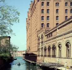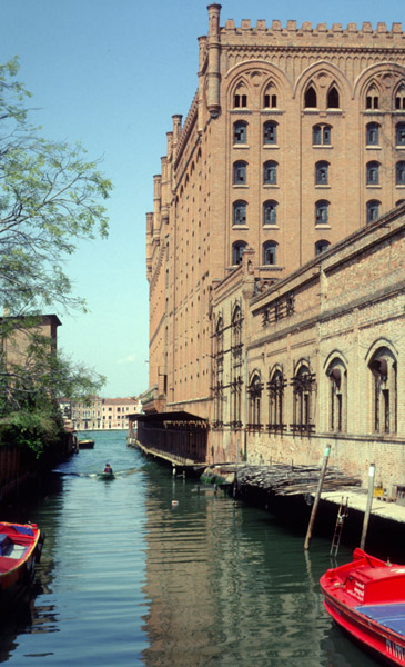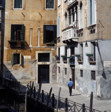 The narrative quality of Venice almost overpowers you. It seems to have been built because of all the stories and films about it. It provides its own commentary. Flowing and still water. You see a Roman cardo and decumanus: the grand canal, extended in the line between the Guidecca and San Giorgio, crossed by the main S-curve of the fondamenta. Parallel curves for the old axes; it seems appropriate, yet it twines through a maze. The spatial modulation of walking in Venice: narrow, high, blind ends, wide two sided, one sided open, varying warmth and air, water, stone, occasional greenery, water still surprising you. Huge campi I missed the other day, probably passing them very close, but you don't know what is behind the line of buildings. The rhythm is in your choice as you walk; it punctuates moods, creates a story with suspense, or a random labyrinthine quality, with unexpected convergences influences crossing with your thoughts and talking and vision. Parts are like Treviso or other cities, but there are no cars and little freight on the walkways. A restricted language of formal variations on small number of types. A grammar of use that takes up the uniqueness of the setting. The qualities simplify at the edges, but in different ways in different areas: high at ghetto, straight beyond, single buildings, compounds, green, and so on. The center has these mixed, or in potency. So has Venice become an object rather than a city? No, but it is a city with a much more self-conscious self-presentation. A themed place, if you will, whose theme is itself and its own history.
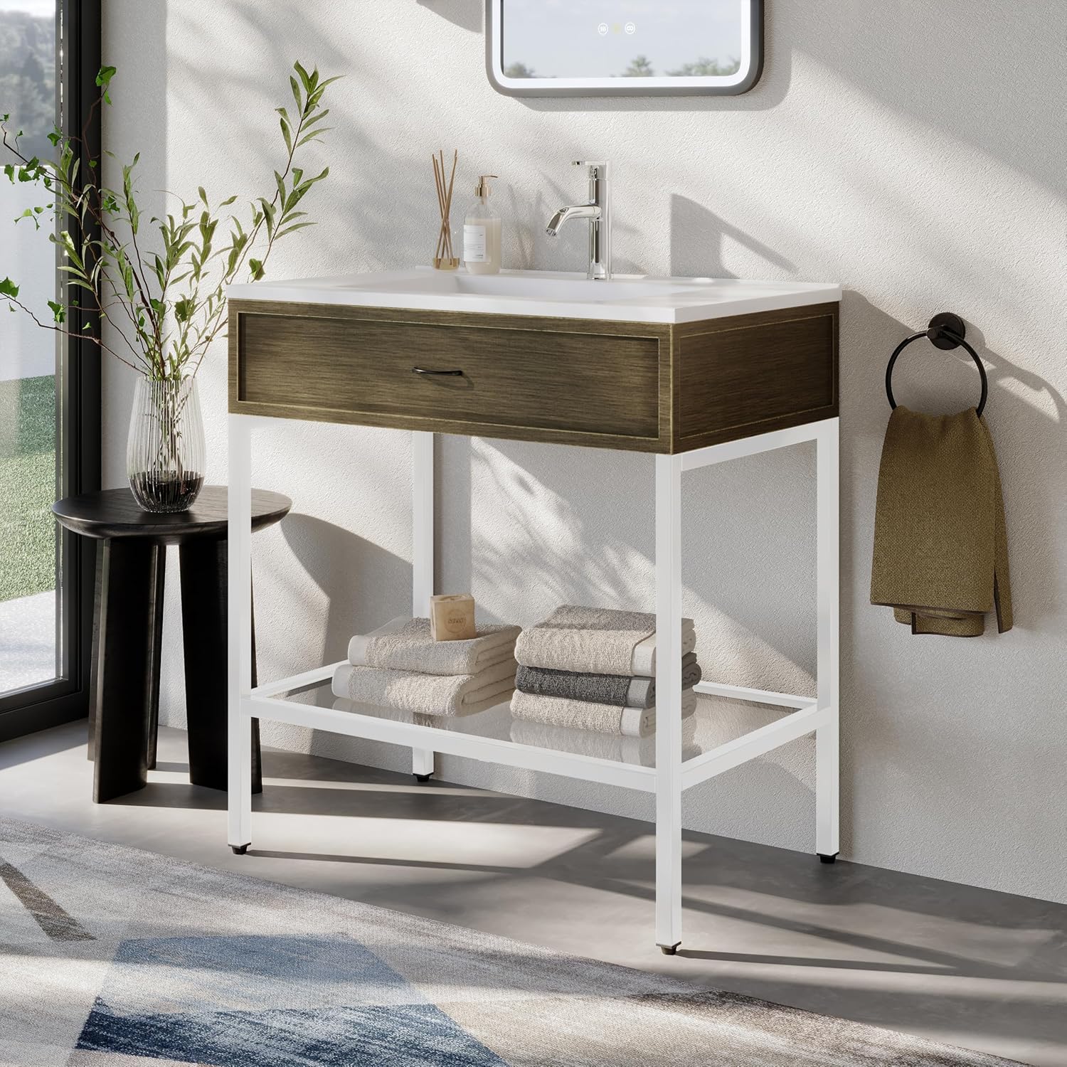 30 Inches Bathroom Vanity with Resin Sink, Single Sink Modern Cabinet Set, Stainless Steel Frame with Tempered Glass Open Shelf, Freestanding Bathroom Storage Cabinet Combo, White
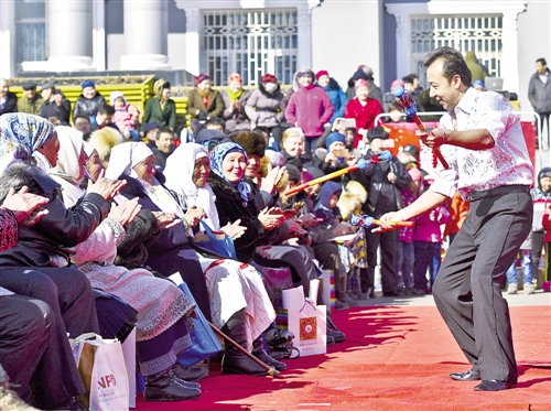 虽然天气寒冷,演出现场却是人山人海。演出结束了人们还不愿离开广场,争相上台跟艺术家合影。
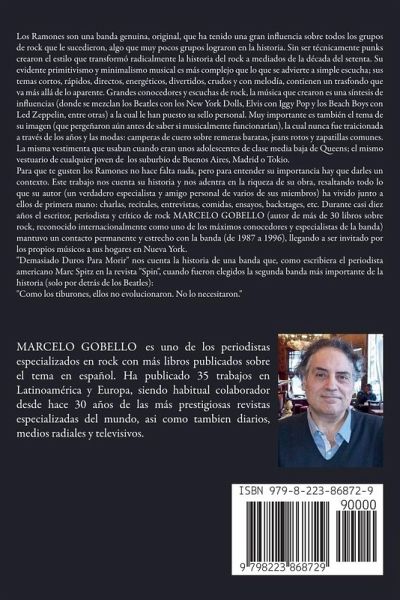 Los Ramones son una banda genuina, original, que ha tenido una gran influencia sobre todos los grupos de rock que le sucedieron, algo que muy pocos grupos lograron en la historia. Sin ser técnicamente punks crearon el estilo que transformó radicalmente la historia del rock a mediados de la década del setenta. Su evidente primitivismo y minimalismo musical es más complejo que lo que se advierte a simple escucha; sus temas cortos, rápidos, directos, energéticos, divertidos, crudos y con melodía, contienen un trasfondo que va más allá de lo aparente. Grandes conocedores y escuchas de rock, la música que crearon es una síntesis de influencias (donde se mezclan los Beatles con los New York Dolls, Elvis con Iggy Pop y los Beach Boys con Led Zeppelin, entre otras) a la cual le han puesto su sello personal. Muy importante es también el tema de su imagen (que pergeñaron aún antes de saber si musicalmente funcionarían), la cual nunca fue traicionada a través de los años y las modas: camperas de cuero sobre remeras baratas, jeans rotos y zapatillas comunes. La misma vestimenta que usaban cuando eran unos adolescentes de clase media baja de Queens; el mismo vestuario de cualquier joven de los suburbio de Buenos Aires, Madrid o Tokio. Para que te gusten los Ramones no hace falta nada, pero para entender su importancia hay que darles un contexto. Este trabajo nos cuenta su historia y nos adentra en la riqueza de su obra, resaltando todo lo que su autor (un verdadero especialista y amigo personal de varios de sus miembros) ha vivido junto a ellos de primera mano: charlas, recitales, entrevistas, comidas, ensayos, backstages, etc. Durante casi diez años el escritor, periodista y crítico de rock MARCELO GOBELLO (autor de más de 30 libros sobre rock, reconocido internacionalmente como uno de los máximos conocedores y especialistas de la banda) mantuvo un contacto permanente y estrecho con la banda (de 1987 a 1996), llegando a ser invitado por los propios músicos a sus hogares en Nueva York. "Demasiado Duros Para Morir" nos cuenta la historia de una banda que, como escribiera el periodista americano Marc Spitz en la revista "Spin", cuando fueron elegidos la segunda banda más importante de la historia (solo por detrás de los Beatles): "Como los tiburones, ellos no evolucionaron. No lo necesitaron."
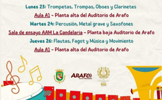 Las actuaciones tendrán lugar los días 23, 24 y 26 de marzo de 2026, a partir de las 17:30 horas, en el Aula A1 y la Sala de Ensayo de la AAM La Candelaria, situadas en el Aulario del Auditorio de Arafo.
····················
◆ Task goal
The reply should hold every entry above, given again exactly, but not a single picture.

◆ Task response
 The narrative quality of Venice almost overpowers you. It seems to have been built because of all the stories and films about it. It provides its own commentary. Flowing and still water. You see a Roman cardo and decumanus: the grand canal, extended in the line between the Guidecca and San Giorgio, crossed by the main S-curve of the fondamenta. Parallel curves for the old axes; it seems appropriate, yet it twines through a maze. The spatial modulation of walking in Venice: narrow, high, blind ends, wide two sided, one sided open, varying warmth and air, water, stone, occasional greenery, water still surprising you. Huge campi I missed the other day, probably passing them very close, but you don't know what is behind the line of buildings. The rhythm is in your choice as you walk; it punctuates moods, creates a story with suspense, or a random labyrinthine quality, with unexpected convergences influences crossing with your thoughts and talking and vision. Parts are like Treviso or other cities, but there are no cars and little freight on the walkways. A restricted language of formal variations on small number of types. A grammar of use that takes up the uniqueness of the setting. The qualities simplify at the edges, but in different ways in different areas: high at ghetto, straight beyond, single buildings, compounds, green, and so on. The center has these mixed, or in potency. So has Venice become an object rather than a city? No, but it is a city with a much more self-conscious self-presentation. A themed place, if you will, whose theme is itself and its own history.
 30 Inches Bathroom Vanity with Resin Sink, Single Sink Modern Cabinet Set, Stainless Steel Frame with Tempered Glass Open Shelf, Freestanding Bathroom Storage Cabinet Combo, White
 虽然天气寒冷,演出现场却是人山人海。演出结束了人们还不愿离开广场,争相上台跟艺术家合影。
 Los Ramones son una banda genuina, original, que ha tenido una gran influencia sobre todos los grupos de rock que le sucedieron, algo que muy pocos grupos lograron en la historia. Sin ser técnicamente punks crearon el estilo que transformó radicalmente la historia del rock a mediados de la década del setenta. Su evidente primitivismo y minimalismo musical es más complejo que lo que se advierte a simple escucha; sus temas cortos, rápidos, directos, energéticos, divertidos, crudos y con melodía, contienen un trasfondo que va más allá de lo aparente. Grandes conocedores y escuchas de rock, la música que crearon es una síntesis de influencias (donde se mezclan los Beatles con los New York Dolls, Elvis con Iggy Pop y los Beach Boys con Led Zeppelin, entre otras) a la cual le han puesto su sello personal. Muy importante es también el tema de su imagen (que pergeñaron aún antes de saber si musicalmente funcionarían), la cual nunca fue traicionada a través de los años y las modas: camperas de cuero sobre remeras baratas, jeans rotos y zapatillas comunes. La misma vestimenta que usaban cuando eran unos adolescentes de clase media baja de Queens; el mismo vestuario de cualquier joven de los suburbio de Buenos Aires, Madrid o Tokio. Para que te gusten los Ramones no hace falta nada, pero para entender su importancia hay que darles un contexto. Este trabajo nos cuenta su historia y nos adentra en la riqueza de su obra, resaltando todo lo que su autor (un verdadero especialista y amigo personal de varios de sus miembros) ha vivido junto a ellos de primera mano: charlas, recitales, entrevistas, comidas, ensayos, backstages, etc. Durante casi diez años el escritor, periodista y crítico de rock MARCELO GOBELLO (autor de más de 30 libros sobre rock, reconocido internacionalmente como uno de los máximos conocedores y especialistas de la banda) mantuvo un contacto permanente y estrecho con la banda (de 1987 a 1996), llegando a ser invitado por los propios músicos a sus hogares en Nueva York. "Demasiado Duros Para Morir" nos cuenta la historia de una banda que, como escribiera el periodista americano Marc Spitz en la revista "Spin", cuando fueron elegidos la segunda banda más importante de la historia (solo por detrás de los Beatles): "Como los tiburones, ellos no evolucionaron. No lo necesitaron."
 Las actuaciones tendrán lugar los días 23, 24 y 26 de marzo de 2026, a partir de las 17:30 horas, en el Aula A1 y la Sala de Ensayo de la AAM La Candelaria, situadas en el Aulario del Auditorio de Arafo.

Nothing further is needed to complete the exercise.